In July 1567, the Privy Council ordered him to make coronation robes for James from fine crimson velvet, blue velvet, red taffeta, and fur. James was crowned at Stirling.

His work took him between Edinburgh and Stirling Castle, where the infant king was kept by the Earl of Mar and Annabell Murray. The ruler of Scotland, Regent Moray bought him a horse in February 1569 for £30, provided by Jerome Bowie, the keeper of the king's wine cellar.

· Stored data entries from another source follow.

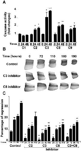 Figure 7. Caspases-2 and -8 inhibitors inhibit tail regression. A: Effect of T3 (10 nM) during 24 hr or 48 hr on caspases activities in ex vivo cultured tails from wild-type siblings tadpoles killed at stage NF55. Caspase activities were determined using fluorometric dosage. B,C: Effect of T3 (10 nM) with or without caspase inhibitors (100 μM) during 24 hr or 48 hr on tail regression of ex vivo cultured tails from wild-type siblings tadpoles killed at stage NF55. Tails were photographed at different times of T3 treatments (B), and the regression of the area of each tail was calculated (C). Means and SEM are shown, *P < 0.05; **P < 0.01; *P < 0.001; n = 3 for caspase dosage, n = 5 for tail regression. The figures represent one of two independent experiments with similar results.Download figure to PowerPoint
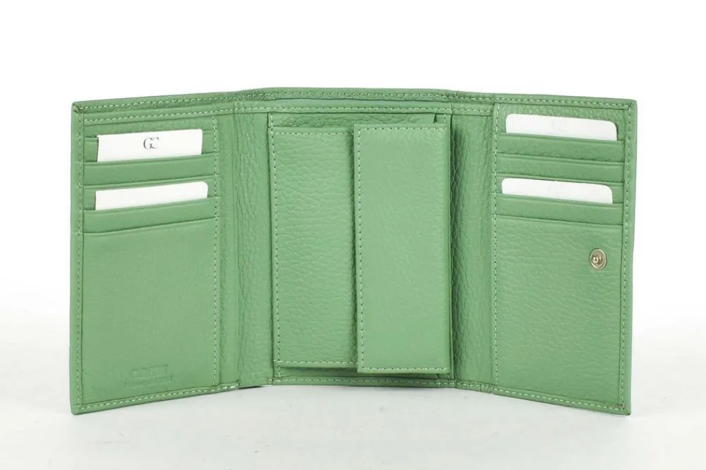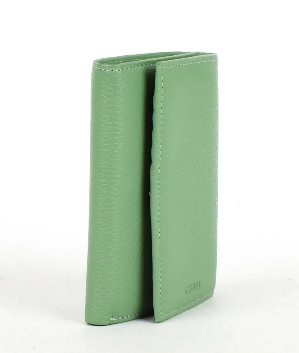 Portafoglio donna Gianfranco Corti Alce 8868. Portafoglio realizzato in vera pelle di vitello pieno fiore, conciato in Italia. Organizzato internamente con portadocumenti, portacarte di credito, tasca portamonete e vano porta banconote. Logo Corti frontale.
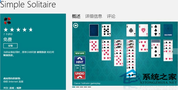 1、进入Win8的应用商店Windows store,搜索到纸牌,就可以看到该应用,下载后就可以玩了。

Inglis became involved in the Marian Civil War. On 22 April 1571 two Marian supporters, Arthur Hamilton of Merrynton and Alexander Baillie of Lamington, captured him near St Cuthbert's Church in Edinburgh. He was returning from Stirling Castle, where he had been fitting the king's clothes. Inglis was released two days later after the Deacon of Crafts had spoken with William Kirkcaldy of Grange, Captain of Edinburgh Castle.

William Betoun was appointed as embroiderer to the King on 25 July 1573. Inglis supervised a workshop of craftsmen who were rarely mentioned in the royal accounts, but in May 1578 the young King ordered that Inglis' "servandis" should be given "drinksilver", a kind of tip, for their efforts.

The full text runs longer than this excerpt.